## Task item
Please repeat the lines below, exactly and only, from the one that holds "Fermeture exceptionnelle secrétariat" through the one that holds "Hipster redhead changes".

++++ Records for the exercise

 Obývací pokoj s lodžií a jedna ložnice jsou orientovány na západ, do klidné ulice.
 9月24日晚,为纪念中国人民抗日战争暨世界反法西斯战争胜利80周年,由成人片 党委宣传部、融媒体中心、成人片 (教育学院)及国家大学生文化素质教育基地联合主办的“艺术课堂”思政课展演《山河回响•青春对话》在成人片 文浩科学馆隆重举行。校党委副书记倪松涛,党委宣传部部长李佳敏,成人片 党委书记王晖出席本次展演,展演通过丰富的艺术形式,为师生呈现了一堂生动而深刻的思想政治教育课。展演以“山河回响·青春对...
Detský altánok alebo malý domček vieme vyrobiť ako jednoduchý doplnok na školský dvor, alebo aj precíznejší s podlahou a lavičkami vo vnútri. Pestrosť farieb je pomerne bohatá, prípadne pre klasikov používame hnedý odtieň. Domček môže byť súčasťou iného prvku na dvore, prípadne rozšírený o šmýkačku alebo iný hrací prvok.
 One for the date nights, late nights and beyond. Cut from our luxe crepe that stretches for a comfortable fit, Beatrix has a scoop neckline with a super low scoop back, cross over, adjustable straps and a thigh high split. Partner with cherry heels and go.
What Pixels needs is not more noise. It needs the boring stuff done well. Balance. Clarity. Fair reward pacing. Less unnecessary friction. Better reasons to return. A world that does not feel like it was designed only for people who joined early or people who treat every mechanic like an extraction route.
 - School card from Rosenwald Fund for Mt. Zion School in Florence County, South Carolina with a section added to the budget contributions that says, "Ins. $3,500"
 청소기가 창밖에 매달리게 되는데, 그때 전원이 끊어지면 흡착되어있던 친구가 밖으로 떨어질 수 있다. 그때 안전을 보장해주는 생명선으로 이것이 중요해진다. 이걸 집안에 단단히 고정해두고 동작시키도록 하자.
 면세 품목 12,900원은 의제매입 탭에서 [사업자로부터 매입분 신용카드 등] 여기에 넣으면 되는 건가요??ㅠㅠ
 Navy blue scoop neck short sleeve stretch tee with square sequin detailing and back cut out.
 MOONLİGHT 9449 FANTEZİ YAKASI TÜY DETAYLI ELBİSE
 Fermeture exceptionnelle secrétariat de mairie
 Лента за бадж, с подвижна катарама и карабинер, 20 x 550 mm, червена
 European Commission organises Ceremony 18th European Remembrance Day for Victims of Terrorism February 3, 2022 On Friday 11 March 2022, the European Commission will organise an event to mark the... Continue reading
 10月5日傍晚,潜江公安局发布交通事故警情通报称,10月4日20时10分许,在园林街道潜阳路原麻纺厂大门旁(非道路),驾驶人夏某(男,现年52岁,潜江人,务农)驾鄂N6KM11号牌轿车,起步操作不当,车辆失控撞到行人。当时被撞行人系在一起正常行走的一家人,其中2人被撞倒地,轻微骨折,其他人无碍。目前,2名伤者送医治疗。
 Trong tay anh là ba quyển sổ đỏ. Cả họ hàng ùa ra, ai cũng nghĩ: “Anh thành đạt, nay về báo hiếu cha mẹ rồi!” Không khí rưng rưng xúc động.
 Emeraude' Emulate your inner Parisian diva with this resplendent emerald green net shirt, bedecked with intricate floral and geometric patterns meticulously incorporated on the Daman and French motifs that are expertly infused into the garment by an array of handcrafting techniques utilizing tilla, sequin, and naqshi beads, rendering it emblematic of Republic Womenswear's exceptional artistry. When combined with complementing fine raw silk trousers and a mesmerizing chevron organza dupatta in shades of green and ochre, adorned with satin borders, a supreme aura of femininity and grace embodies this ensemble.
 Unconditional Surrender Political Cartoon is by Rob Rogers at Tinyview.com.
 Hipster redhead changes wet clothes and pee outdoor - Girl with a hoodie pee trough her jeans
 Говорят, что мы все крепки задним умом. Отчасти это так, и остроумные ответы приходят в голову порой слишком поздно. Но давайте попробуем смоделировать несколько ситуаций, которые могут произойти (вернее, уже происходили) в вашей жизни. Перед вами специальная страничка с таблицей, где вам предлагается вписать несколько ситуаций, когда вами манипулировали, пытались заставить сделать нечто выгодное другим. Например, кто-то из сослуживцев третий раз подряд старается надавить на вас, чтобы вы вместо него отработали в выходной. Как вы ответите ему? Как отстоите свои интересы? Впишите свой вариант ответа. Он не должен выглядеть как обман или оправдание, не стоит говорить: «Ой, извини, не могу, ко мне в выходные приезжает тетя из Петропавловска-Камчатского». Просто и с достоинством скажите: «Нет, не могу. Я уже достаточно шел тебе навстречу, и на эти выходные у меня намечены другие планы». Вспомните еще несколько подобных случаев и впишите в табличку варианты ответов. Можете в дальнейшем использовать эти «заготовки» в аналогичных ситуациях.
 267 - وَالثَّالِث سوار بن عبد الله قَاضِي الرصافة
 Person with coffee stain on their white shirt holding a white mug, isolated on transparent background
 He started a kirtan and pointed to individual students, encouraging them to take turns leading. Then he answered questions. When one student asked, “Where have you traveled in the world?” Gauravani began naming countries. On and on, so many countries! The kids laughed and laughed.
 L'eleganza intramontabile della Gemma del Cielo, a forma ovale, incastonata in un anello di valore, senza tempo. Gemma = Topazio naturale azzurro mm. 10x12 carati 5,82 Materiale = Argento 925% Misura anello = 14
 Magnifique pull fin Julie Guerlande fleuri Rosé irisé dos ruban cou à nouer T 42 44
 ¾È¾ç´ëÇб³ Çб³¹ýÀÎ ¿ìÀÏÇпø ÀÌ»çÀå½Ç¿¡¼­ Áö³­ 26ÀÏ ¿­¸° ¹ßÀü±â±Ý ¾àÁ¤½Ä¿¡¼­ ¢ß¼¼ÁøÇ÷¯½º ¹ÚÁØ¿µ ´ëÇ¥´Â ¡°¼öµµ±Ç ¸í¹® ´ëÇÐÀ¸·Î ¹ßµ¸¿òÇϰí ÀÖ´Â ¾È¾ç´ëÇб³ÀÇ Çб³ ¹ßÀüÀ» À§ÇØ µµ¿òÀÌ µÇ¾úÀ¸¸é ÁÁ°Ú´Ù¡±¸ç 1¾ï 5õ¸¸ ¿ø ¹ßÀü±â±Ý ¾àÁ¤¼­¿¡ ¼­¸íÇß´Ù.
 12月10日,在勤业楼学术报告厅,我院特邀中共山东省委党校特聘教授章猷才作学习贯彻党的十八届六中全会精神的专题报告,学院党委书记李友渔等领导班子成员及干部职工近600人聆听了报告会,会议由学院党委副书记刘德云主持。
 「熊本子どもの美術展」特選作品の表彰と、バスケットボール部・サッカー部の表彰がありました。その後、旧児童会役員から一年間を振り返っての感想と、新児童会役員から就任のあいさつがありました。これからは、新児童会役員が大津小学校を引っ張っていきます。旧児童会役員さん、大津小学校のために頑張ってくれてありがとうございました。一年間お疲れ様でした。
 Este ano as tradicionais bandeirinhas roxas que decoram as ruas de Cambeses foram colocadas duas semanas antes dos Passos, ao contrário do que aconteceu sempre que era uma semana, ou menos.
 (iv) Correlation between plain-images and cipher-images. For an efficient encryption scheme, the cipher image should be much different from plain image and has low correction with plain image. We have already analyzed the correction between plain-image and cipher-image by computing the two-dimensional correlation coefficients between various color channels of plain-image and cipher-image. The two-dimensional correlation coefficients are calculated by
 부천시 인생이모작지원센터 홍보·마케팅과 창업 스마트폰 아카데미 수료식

++++++++

## Answer to this problem
 Fermeture exceptionnelle secrétariat de mairie
 Лента за бадж, с подвижна катарама и карабинер, 20 x 550 mm, червена
 European Commission organises Ceremony 18th European Remembrance Day for Victims of Terrorism February 3, 2022 On Friday 11 March 2022, the European Commission will organise an event to mark the... Continue reading
 10月5日傍晚,潜江公安局发布交通事故警情通报称,10月4日20时10分许,在园林街道潜阳路原麻纺厂大门旁(非道路),驾驶人夏某(男,现年52岁,潜江人,务农)驾鄂N6KM11号牌轿车,起步操作不当,车辆失控撞到行人。当时被撞行人系在一起正常行走的一家人,其中2人被撞倒地,轻微骨折,其他人无碍。目前,2名伤者送医治疗。
 Trong tay anh là ba quyển sổ đỏ. Cả họ hàng ùa ra, ai cũng nghĩ: “Anh thành đạt, nay về báo hiếu cha mẹ rồi!” Không khí rưng rưng xúc động.
 Emeraude' Emulate your inner Parisian diva with this resplendent emerald green net shirt, bedecked with intricate floral and geometric patterns meticulously incorporated on the Daman and French motifs that are expertly infused into the garment by an array of handcrafting techniques utilizing tilla, sequin, and naqshi beads, rendering it emblematic of Republic Womenswear's exceptional artistry. When combined with complementing fine raw silk trousers and a mesmerizing chevron organza dupatta in shades of green and ochre, adorned with satin borders, a supreme aura of femininity and grace embodies this ensemble.
 Unconditional Surrender Political Cartoon is by Rob Rogers at Tinyview.com.
 Hipster redhead changes wet clothes and pee outdoor - Girl with a hoodie pee trough her jeans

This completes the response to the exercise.